There are no discreetly placed signs. No secret handshakes to get you in the back door. These establishments are setting up shop in local strip malls and advertising with big signs above their front doors and bold letters on shopping center marquees.
Poker has increased in popularity over the years. Games are now televised and casinos are cashing in on the players excitement of the game. The only place you can legally gamble on poker in Arizona is at a casino located on an Indian reservation.
So, it would seem these poker rooms are operating with impunity and that the operators do not feel as though they are running an illicit operation.
"There are so many gray areas in the law. Just the definition of gambling in the state of Arizona is gray," says former card room operator John Schnaubelt.
Schnaubelt ran his own card room until he ran out of money to continue supporting it. Herein lies the problem for gambling promoters in Arizona; by running a poker room, state law says the organizer cannot profit.
"I don't think its as gray as area as people claim it is," says former prosecutor Mark Brnovich, director of the Arizona Department of Gaming. "If someone is getting a direct or indirect benefit from the gambling. It is illegal."
Under that literal definition, if you were to organize a poker game at your home and the players all tipped you for hosting the game, that would be you receiving a benefit. Meaning, you would be breaking the law.

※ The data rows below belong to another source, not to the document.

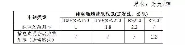 新能源乘用車補(bǔ)貼標(biāo)準(zhǔn)
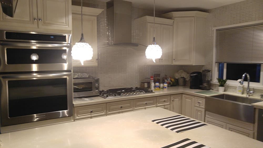 This remodeling boasts freshness and plenty of functionality. The centerpiece is the clearly renovated island with a dark countertop for plenty of space. You can enjoy all of your meals with your family in comfort while absorbing plenty of sunshine from the large windows. All cabinets have numerous storage compartments, so the small kitchen does not stop you from having all the cooking items you need. The contrast between white and black adds a modern, welcoming touch. The lighting is the ultimate décor element that upgrades this kitchen to a whole new level!
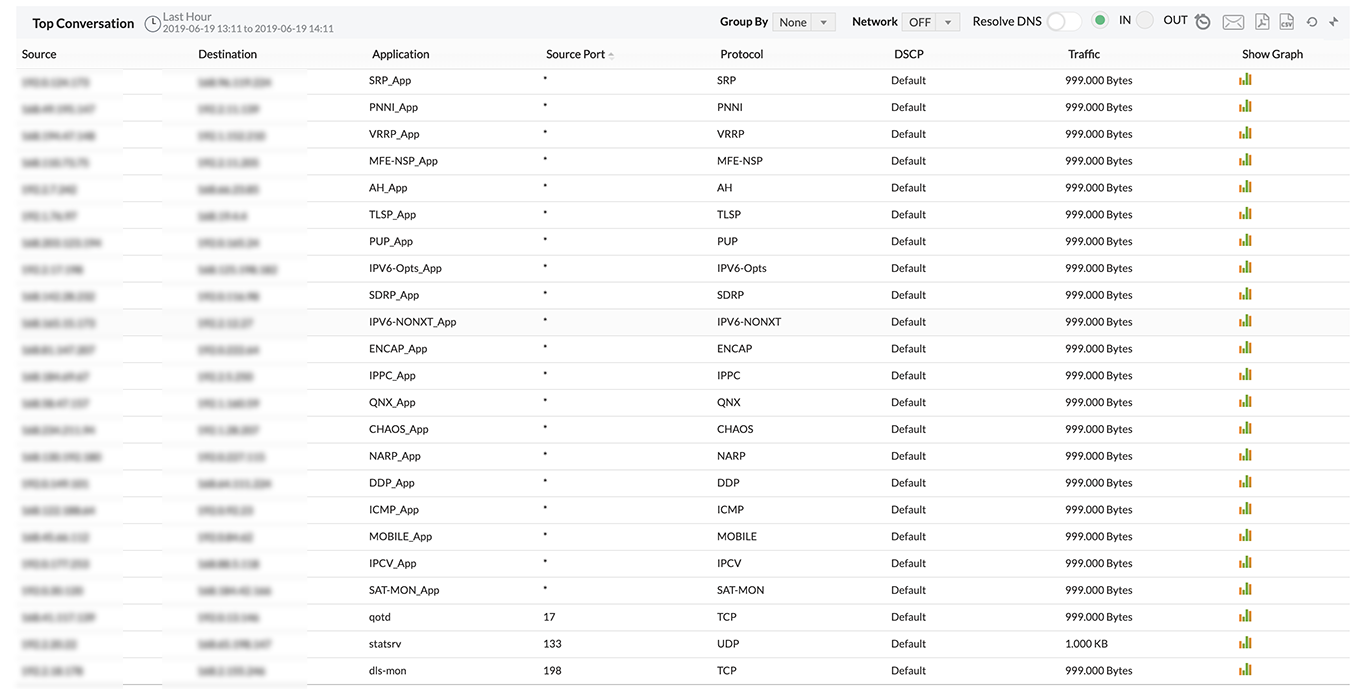 I report sulle conversazioni di questo strumento di monitoraggio del traffico in tempo reale consentono agli amministratori di rete di vedere gli IP di origine e di destinazione associati a ciascuna conversazione corrispondente a qualsiasi protocollo. Questo report aiuta il team IT a stabilire le priorità della larghezza di banda tra le applicazioni business critical e le applicazioni standard.
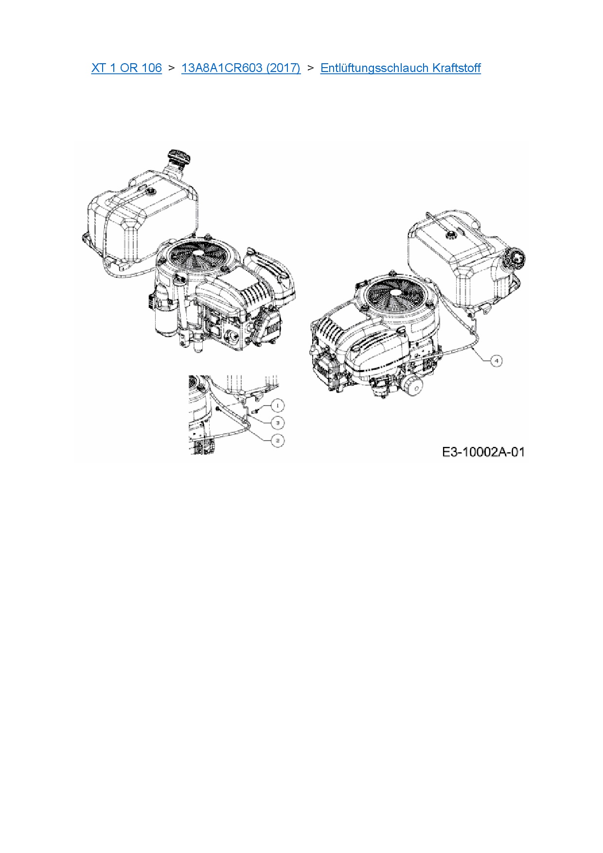 Ersatzteile für Rasentraktor Cub Cadet XT 1 OR 106 aus der Zeichnung Entlüftungsschlauch Kraftstoff:

At the AZ Clubhouse off of Thunderbird Road in Phoenix, owner and Texas hold 'em dealer Don Heitz says he consulted an attorney before opening his establishment. No money changes hands and no chips leave the table. Heitz says his is a members-only club with no high stakes and at no profit to him.
"No. I have not made any money yet," Heitz says with a laugh.
Heitz says he knows for a fact that other card rooms are operating illegally.
CBS 5 News also met the owners of the Camelback Card Club off of 32nd Street near Shea Boulevard. They actually advertise their establishment in the newspaper.
They tell CBS 5 News they feel comfortable they are operating a legitimate, social and nonprofit operation.
But, they also acknowledge that others are not, by charging membership fees and taxing players in other ways.
"If there's folks operating casino operations inside of a strip mall, that would cause me a lot of concern because that is unregulated gambling," says Brnovich.
Brnovich says the Arizona Department of Gaming is five for five. The department has seen convictions in all five illegal card room operators they have raided during Brnovich's tenure.
John Schnaubelt says there are 36 card rooms open in the Valley and he wonders why none are being investigated, because he believes all of them are operating illegally.
"All they need to do is walk into a card room and see a dollar or a chip leave the table," says Schnaubelt. "Boom. It's a conviction."
"You have a limited amount of resources and you have to prioritize what you can and can't do," says Brnovich.
A Department of Gaming intelligence unit follows up on tips and complaints about possible illegal gambling locations, according to Brnovich. If no one complains, however, the Department of Gaming generally will not know what establishment is obeying the law and which ones are not.
"It's an issue that needs to be politicized," says Schnaubelt, "It's something people need to be aware of."